From 4abbfeaa367a0703ad8d167d97f3ee1d7aecb7f1 Mon Sep 17 00:00:00 2001
From: Oliver Falk <oliver@linux-kernel.at>
Date: Mon, 8 Sep 2025 12:52:24 +0200
Subject: [PATCH] Handle next parameter on the token auth page to correctly
 redirect to the initiating page

---
 ivatar/ivataraccount/auth_views.py | 29 ++++++++++++++++++++++++++++-
 1 file changed, 28 insertions(+), 1 deletion(-)
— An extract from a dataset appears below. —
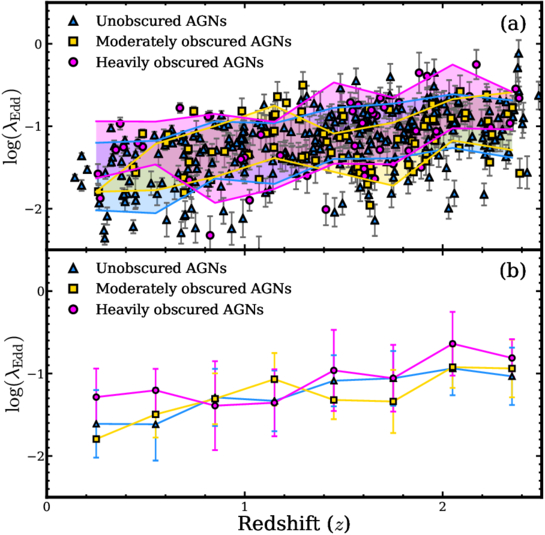 ﹩\mathrm{log}\left({\lambda }_{{\rm{Edd}}}\right)﹩ values vs. redshifts. Filled blue triangles, yellow squares, and magenta circles correspond to unobscured (E(B − V) ≤ 0.1), moderately obscured (0.1 < E(B − V) ≤ 0.2), and heavily obscured (E(B − V) > 0.2) AGNs, respectively. (a) Colored polygons indicate the median ﹩\mathrm{log}\left({\lambda }_{{\rm{Edd}}}\right)﹩ and 1σ dispersions in eight redshift bins. (b) Median ﹩\mathrm{log}\left({\lambda }_{{\rm{Edd}}}\right)﹩ values in the same eight redshift bins are shown with 1σ dispersions.

diff --git a/ivatar/ivataraccount/auth_views.py b/ivatar/ivataraccount/auth_views.py
index b6c8663..45278e9 100644
--- a/ivatar/ivataraccount/auth_views.py
+++ b/ivatar/ivataraccount/auth_views.py
@@ -7,6 +7,7 @@ import secrets
 from typing import Optional
 from django.views.generic.base import View
 from django.http import JsonResponse, HttpRequest, HttpResponseRedirect
+from urllib.parse import urlencode, urlparse, urlunparse, parse_qs, quote
 from ipware import get_client_ip
 
 from .auth_models import AuthToken, BruteForceAttempt
@@ -29,7 +30,9 @@ class ExternalAuthView(View):
         if not request.user.is_authenticated:
             # Redirect to login page with next parameter
             current_path = request.get_full_path()
-            redirect_url = f"/accounts/login/?next={current_path}"
+            # URL-encode the current path to preserve query parameters
+            encoded_path = quote(current_path, safe="")
+            redirect_url = f"/accounts/login/?next={encoded_path}"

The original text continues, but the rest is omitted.